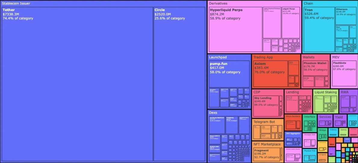一个诡异的悖论出现了:底层协议(DeFi 组件、公链)估值下跌,但构建在它们之上的应用,却在更短时间里赚了更多钱。
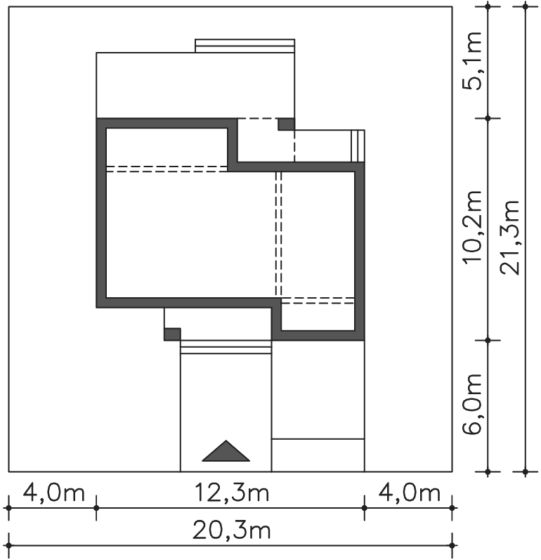 Grafika przedstawia minimalne wymiary działki. Aby sprawdzić, czy dom może być realizowany na konkretnej działce należy uzyskać Wypis i Wyrys z Miejscowego Planu Zagospodarowania Przestrzennego lub jeśli na danym terenie nie ma planu – Decyzję o warunkach zabudowy. Wszystkie projekty wymagają adaptacji do warunków miejscowych przez projektanta lokalnego.
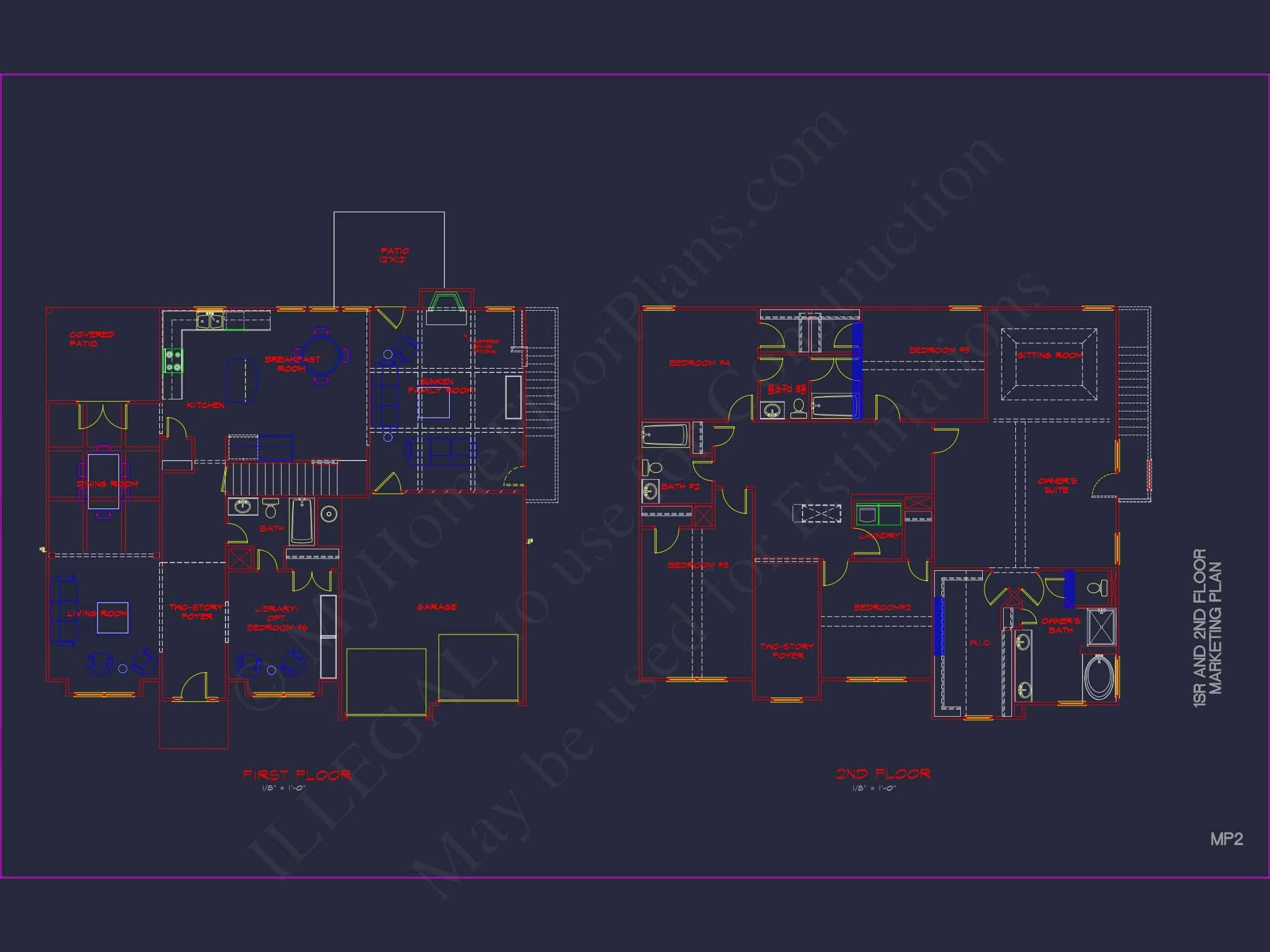 Classic Suburban Home Plan: 6-Bedroom Layout with CAD Blueprints
___
## Problem to solve
Exact repetition of the material above is required, with the images removed.

## Task solution
一个诡异的悖论出现了:底层协议(DeFi 组件、公链)估值下跌,但构建在它们之上的应用,却在更短时间里赚了更多钱。
 Grafika przedstawia minimalne wymiary działki. Aby sprawdzić, czy dom może być realizowany na konkretnej działce należy uzyskać Wypis i Wyrys z Miejscowego Planu Zagospodarowania Przestrzennego lub jeśli na danym terenie nie ma planu – Decyzję o warunkach zabudowy. Wszystkie projekty wymagają adaptacji do warunków miejscowych przez projektanta lokalnego.
 Classic Suburban Home Plan: 6-Bedroom Layout with CAD Blueprints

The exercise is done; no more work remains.